### What is expected
Please reproduce the lines of the records below from the one holding "Another good practice" through the one holding "Asahidake ทางปีนเขา และ รอบมิ่ง Sugatami", inclusive, skipping all pictures.

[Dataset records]
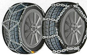
大型車用金属チェーン

残り溝深さが「フラットホーム」に達している状態。冬用タイヤとして使用できません。
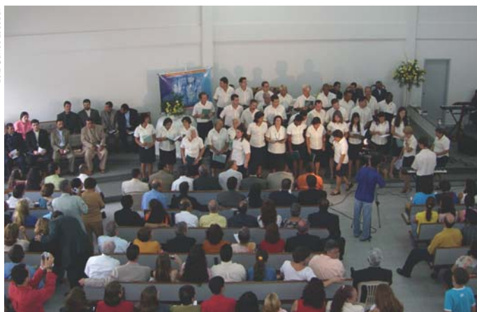
O culto de encerramento realizou-se na Igreja Metodista em Itapuã, Vila Velha
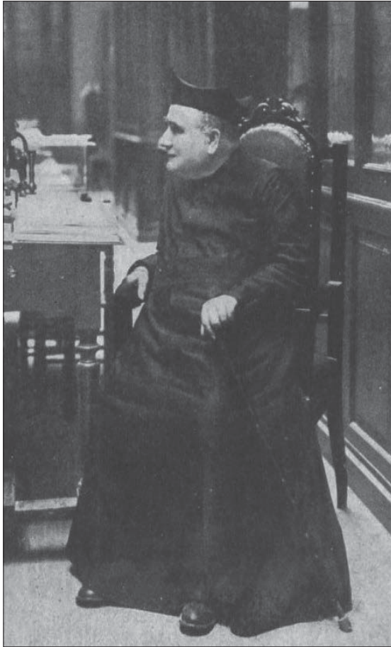
Font: «La Hormiga de oro», 15/6/1912, p. 7. Fotografia de Gómez Durán.

l'encíclica de Lleó XIII (reed. Vicent 1972), De la agremiació dentro y fuera de los círculos católicos obreros (1905), Cooperativismo católico (1906) i Manual de las escuelas de reforma social (1911). Però a més, promogué que la Casa de los Obreros organitzara una biblioteca popular circulant ( El Siglo Futuro , 7/1/1910, núm. 750, pàgina 3, inclou un anunci amb la consigna: « Se trata de la descristianizada Valencia »).
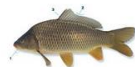
Karper Cyprinus carpio carpio
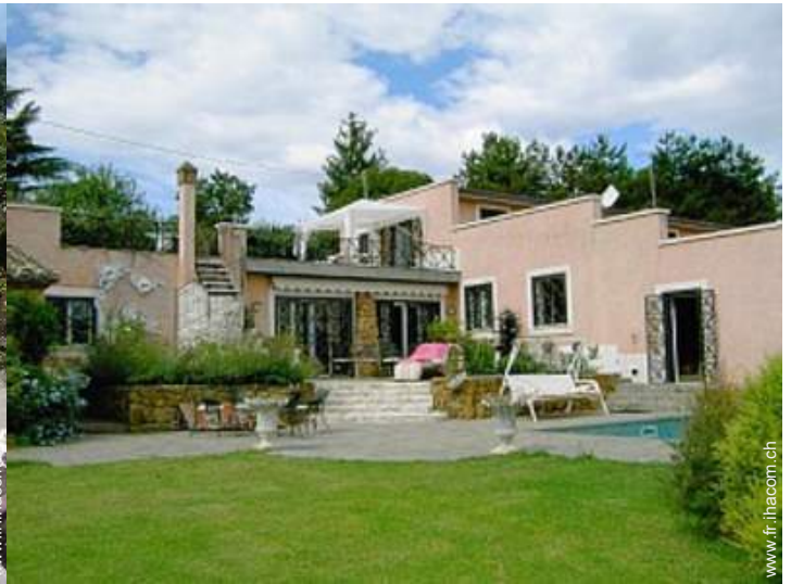
Propriété de Prestige
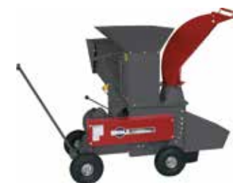
Gartenhäcksler GSE 242 Combi (94554)
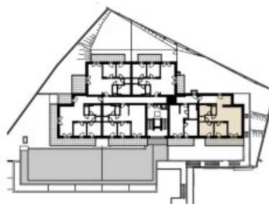
GRUNDRISS BK 04

Unverbindliche Grundrissinformation. Für gelieferte Qualitäten ist ausschließlich die Bau- und Ausstattungsbeschreibung verbindlich. Die dargestellte Möblierung - ausgenommen Waschtische, Dusche, Badewanne, WC - ist nicht Bestandteil des Lieferumfanges und dient nur als Einrichtungsvorschlag. Alle Quadratmeter sind nach Rohbaumaßen berechnet und berücksichtigen keine Wandbeläge wie z.B. Verputz und Fliesen. Änderungen in der Ausführung vorbehalten! Toleranzen bis zu 3% der Gesamtfläche sind möglich. Etwasige Bodenabläufe und Putzschächte im Außenbereich, sowie haustechnische Leitungsführungen im Innenbereich sind in den Plänen nicht dargestellt und werden nach Erfordernis hergestellt.
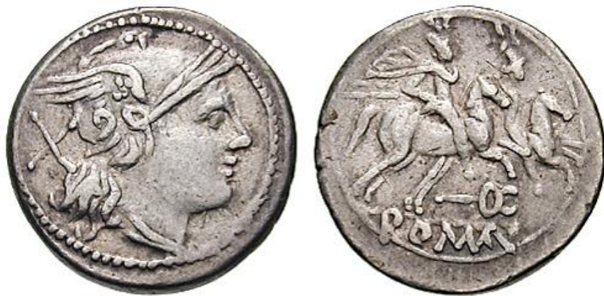
CADUCEO 211 - 208
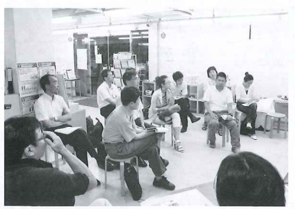
▲ざっくばらんな雰囲気で見聞交換が行われる

初回の4月は、震災があったことを受けて、「震災から持続可能な社会について考える」というテーマで開催され、話題提供者として福島県川内村から避難して来られた人が入り、活発な意見交換が行われました。
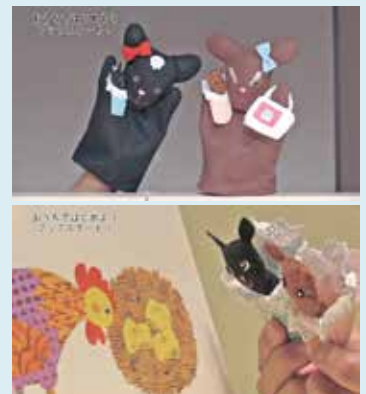
▲きなことあんこが説明します

制服だけでなく身の回りにある「も の」を、作った「ひと」に感謝し ながら大切に使いましょう。
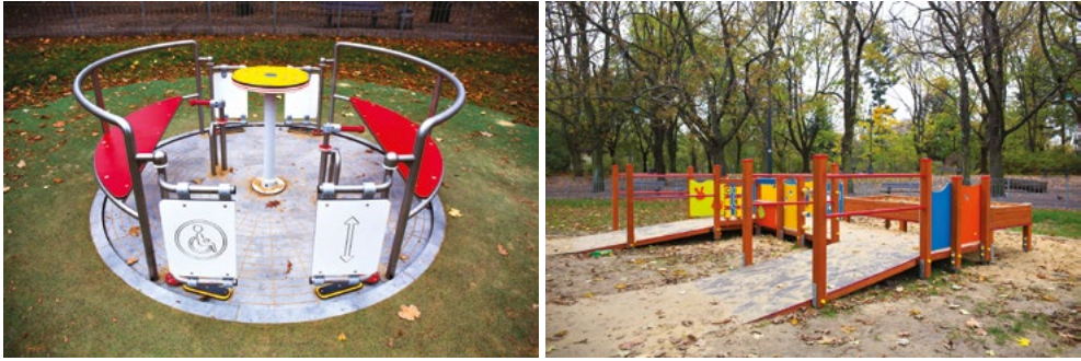
FIG. 3.2. Accessible platform and carousel on the playground

Another good practice related to the design of small architecture is a picnic table with a reserved space for a person in a wheelchair (Fig. 3.3). Thanks to this, such a person will not be excluded from joint participation in a meal or rest.
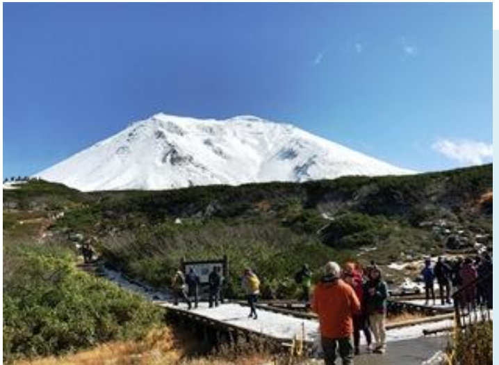
ยอดเขาอาซาฮิดากะที่ชาวโพลนไปด้วยหิมะ

Asahidake ทางปีนเขา และ รอบมิ่ง Sugatami
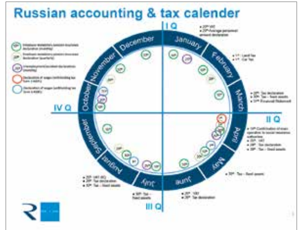
Kirjanpidon ja verotuksen vuosikello kertoo kuukausi-, neljännes- ja vuosi-ilmoitusten aiheet ja ajankohdat Venäjällä.

Ala-Risku sanoo, että Venäjällä liiketoiminnan pitää olla hyvin dokumentoitua ja kaikkea pitää olla tositteet arkistoituina. Helpotusta byrokraatiaan on kuitenkin tuonut se, että nykyään tositteet voi säilyttää sähköisessä muodossa.
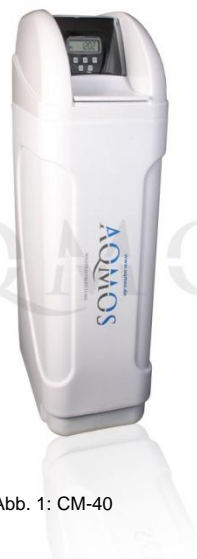
Abb. 1: CM-40
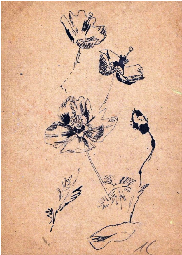
Маки. 1988 г.

Художнику достаточно испытать восторг процесса работы. Может быть, своими рассуждениями я просто пытаюсь успокоить себя, но в моей выпавшей роли я не вижу какого-либо другого спасительного сценария.
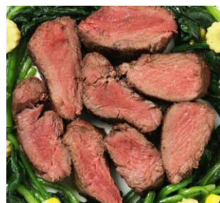
カンガルー サーロイン ブロック 約450g オーストラリア産 3,300円

高たんぱく、低脂肪、低カロリー。さらに、体脂肪燃焼効果と筋肉増強効果が期待される「共役リノール酸」が豊富に含まれます。クセがなく柔らかく、美味しくヘルシーなお肉です。
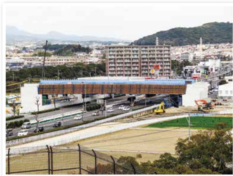
整備中の一般県道諫早外環状線（(仮称)貝津橋 I C 付近）
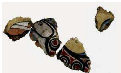
تصویر ۱۵. بخش‌هایی از یک نقاشی فرسک با نقش گریفین، دوره میسنی. مأخذ: Morgan, 2010: 320
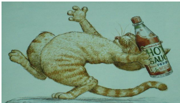
(3a) 출발어 삽화(Artell 2003: 20)

상기 출발어의 삽화가 어떤 방식으로 도착어 텍스트에서 현지화되었으며 어떤 효과를 창출하는지를 아래에서 살펴보도록 하자.
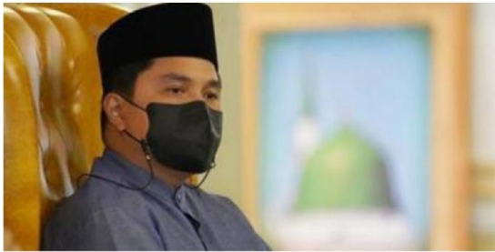
Menteri BUMN, Erick Thohir..

telusur.co.id - Pengamat kebijakan publik dari Universitas Trisakti Tribus Rahadiansyah mengapresiasi dan mendukung langkah tegas Erick Thohir yang telah mengumumkan pembubaran 3 BUMN yang tidak sehat dan sudah tidak beroperasi.
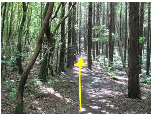
緩やかに上って行く。
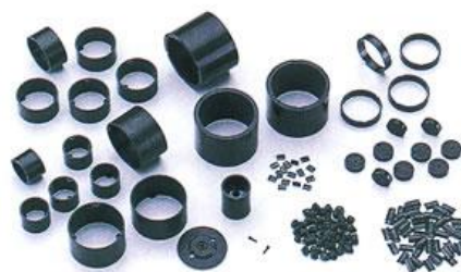
Daido Electronics Co., Ltd.
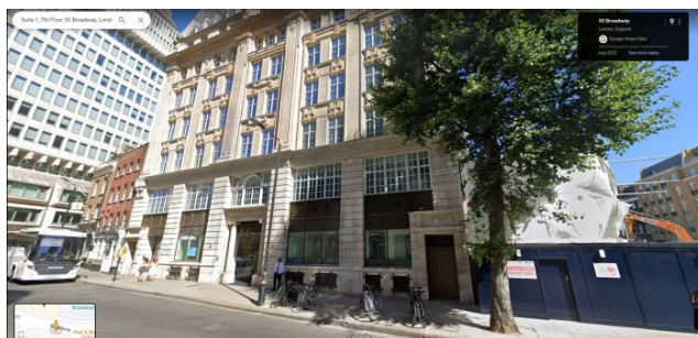
Sídlo Campaign for Freedom v Londýně

Tato videa se slovenským narativem a se záběry ze srpna 1968 a z demonstrací proti Ficově vládě z roku 2018, a to během puče organizovaného sórošovskými kádry po podivné a dodnes neuspokojivě vysvětlené vraždě slovenského novináře a jeho přítelkyně, totiž na YouTube umístila a reklamu zaplatila teprve letos v červnu v Londýně zaregistrovaná nevládní organizace [2] s názvem Campaign for Freedom Ltd. Původně jsme mysleli, že jde o nějakou slovenskou neziskovku s anglikanizovaným názvem, ale jak jsme zjistili, není to tak.
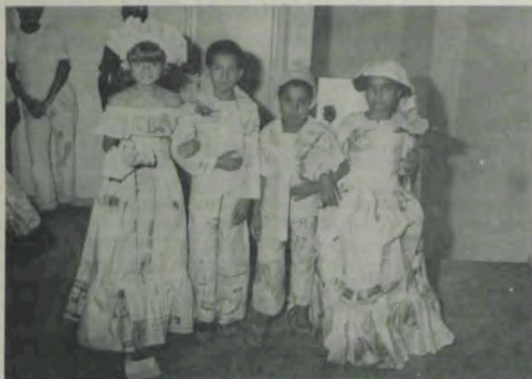
Vestuário em papel jornal: uma das tarefas da gincana.

Com a participação de 418 crianças, termina, amanhã, a IV Colônia de Férias da Universidade Federal de Viçosa (UFV), iniciada dia 11 do corrente, numa promoção do Departamento de Educação Física do Centro de Ciências Biológicas e da Saúde e do Conselho de Extensão. O encerramento será às 10h30m, no Ginásio de Esportes, com a realização de um Carna-
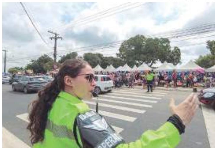
Ação de Trânsito, em Manaus

### Solution to the exercise
Another good practice related to the design of small architecture is a picnic table with a reserved space for a person in a wheelchair (Fig. 3.3). Thanks to this, such a person will not be excluded from joint participation in a meal or rest.
ยอดเขาอาซาฮิดากะที่ชาวโพลนไปด้วยหิมะ

Asahidake ทางปีนเขา และ รอบมิ่ง Sugatami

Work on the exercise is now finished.